Congress enacted TPS in 1990, with the original goal of helping those fleeing war and natural disasters at home. These immigrants have built homes, launched businesses, and raised children stateside, and work in various industries such as construction, landscaping, food, and retail, according to data from the nonprofit Center for Migration Studies. Generally speaking, those with protected status are concentrated in California, Texas, Florida, New York, Virginia, and Maryland.  

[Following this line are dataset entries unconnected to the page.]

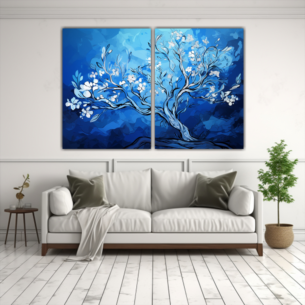 Renueva tu hogar con el Set 2 Cuadros Dibujo Equilibrio A Arbutus Tree in Blue Colors Neo-noir atmosphere neo pop de DecoCuadros Aporta elegancia con colores como Turquesa, Verde Azulado y Gris, destacando por su calidad y precios accesibles ¡Envíos express a regiones disponibles!
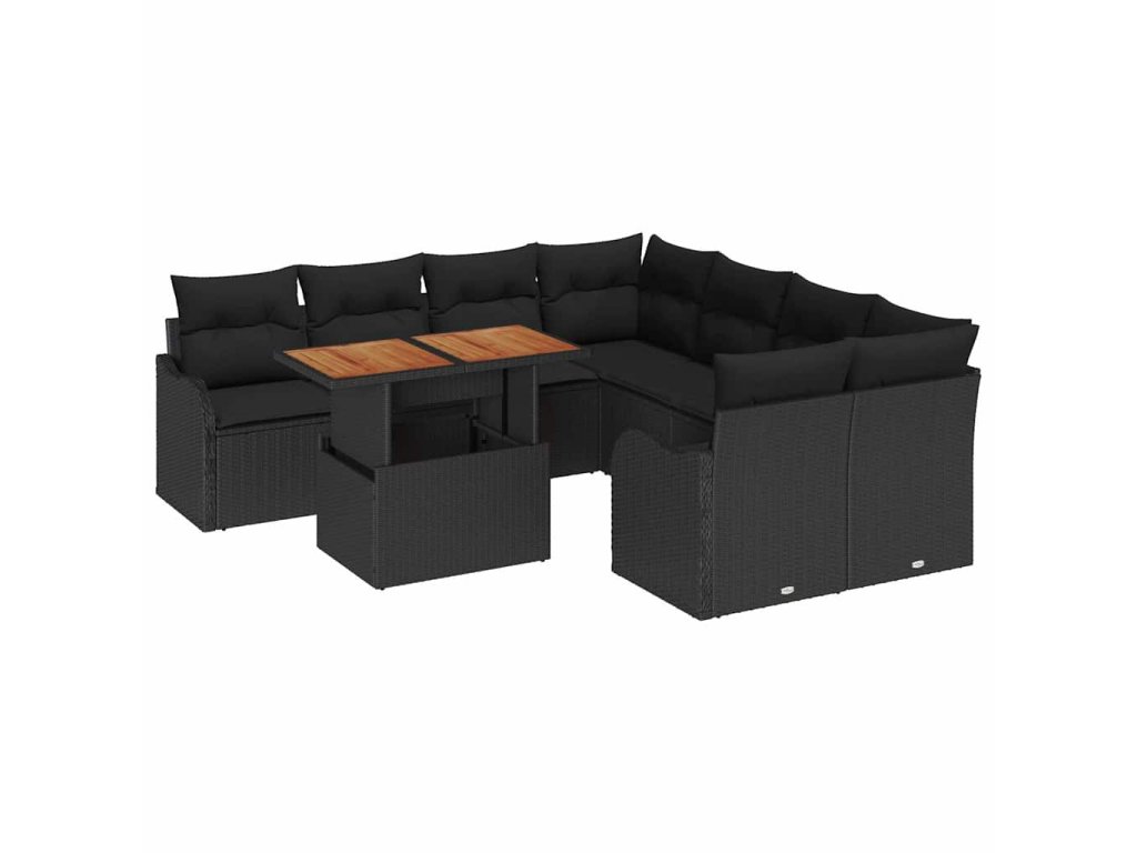 Sada zahradních pohovek s úložištěm 9 pcs Černá Poly ratan 3358179
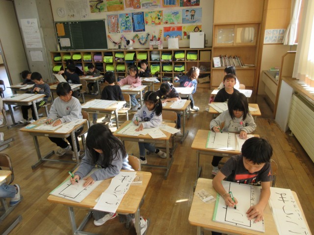 学校での最後の書初め練習です。集中して取り組んでいます。
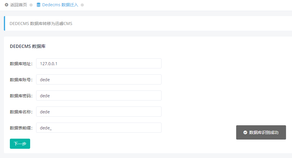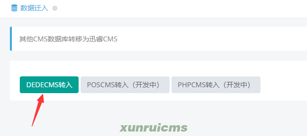 说明:新安装的程序需要与原站(DEDE)的数据库在一个服务器下。插件仅能转移栏目、文章等数据(图片需要将原站的素材文件夹uploads复制到迅睿CMS的根目录)
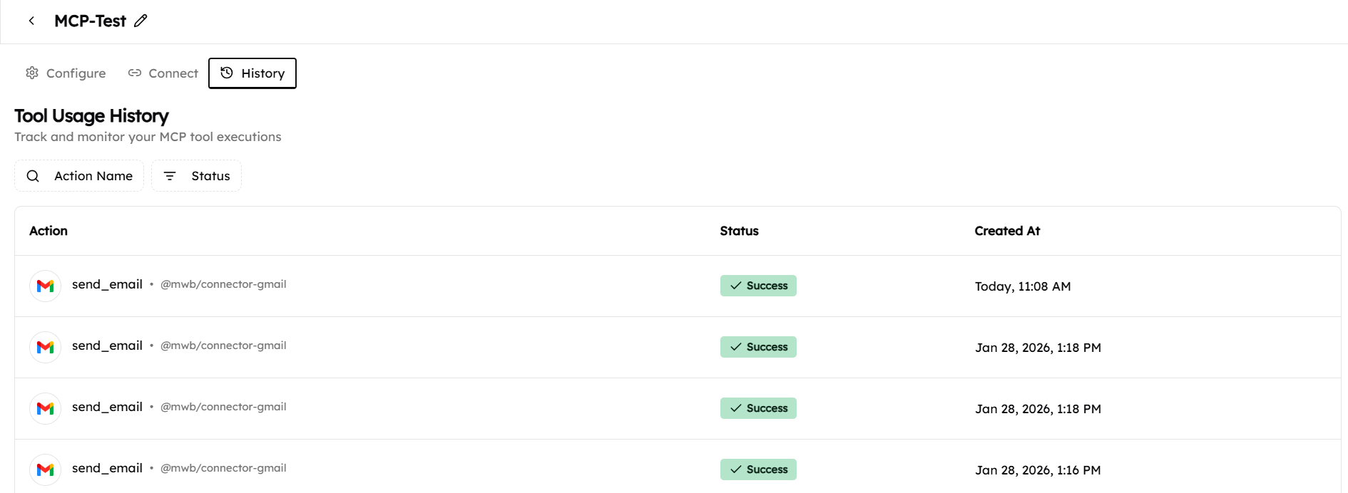 The History tab shows a record of all actions run through the MCP Server. It helps you see what actions were triggered, when they ran, and whether they were successful. It allows administrators to review, troubleshoot, and validate how AI is interacting with connected systems.
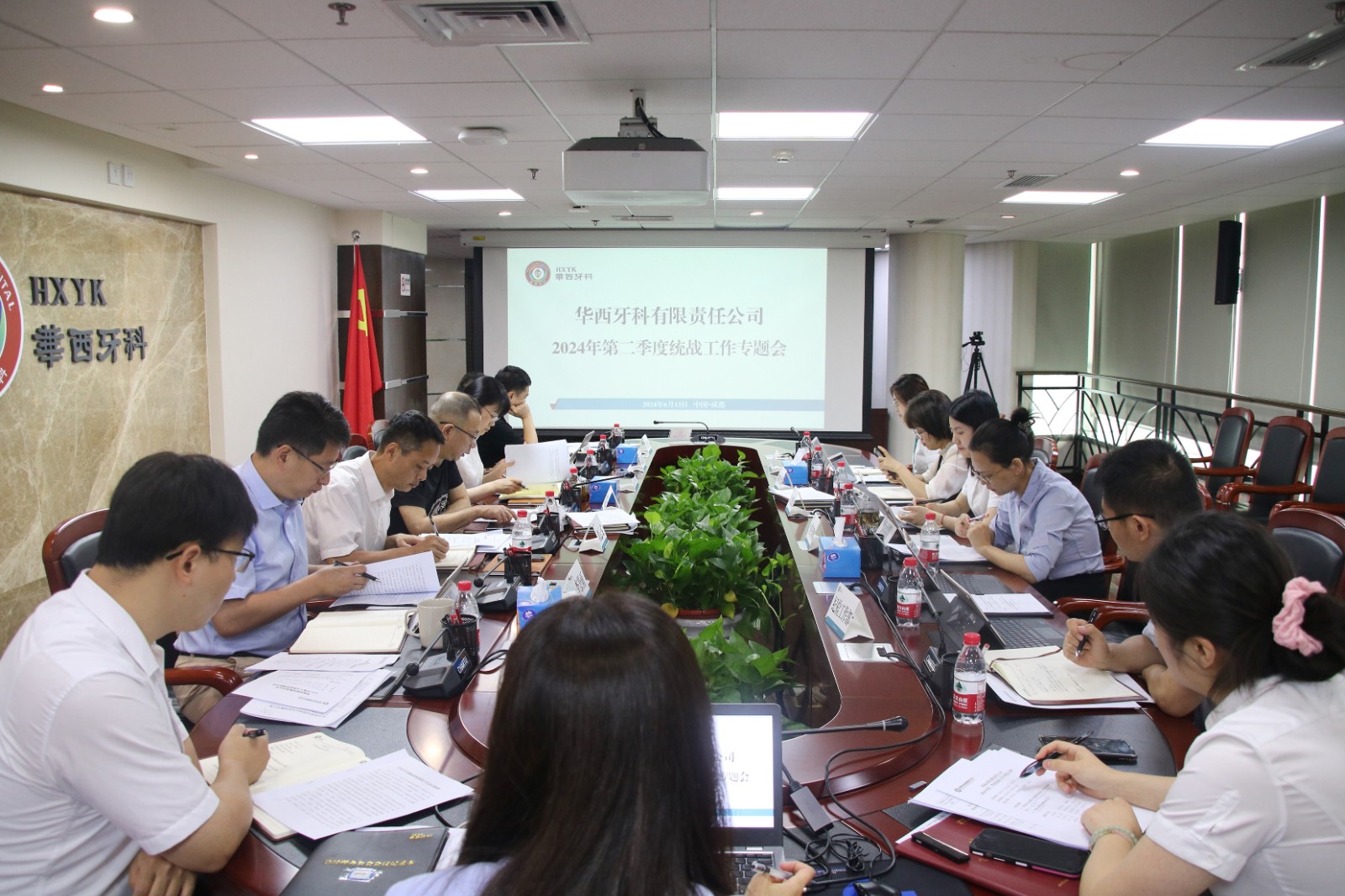 6月13日上午,华西牙科党委召开2024年第二季度统战工作专题会。华西牙科党委书记、董事长、总经理刘凌云主持会议并讲话,公司在家领导班子成员参加会议,各部门负责人和相关工作人员列席会议。会议传达学习了全省卫生健康系统统战工作会议精神,安排部署了相关工作。

Because TPS has allowed some migrants to live and work for more than 20 years in the U.S., the policy change stands to hurt not just families but also niche segments of the economy. A new report from the Immigrant Legal Resource Center, a San Francisco law firm, estimates a loss of as much as $45.2 million in gross domestic product. Marek notes that Salvadorans, in particular, represent a large share of the already-thinning talent pool for construction, and the loss of such workers could decimate the industry.”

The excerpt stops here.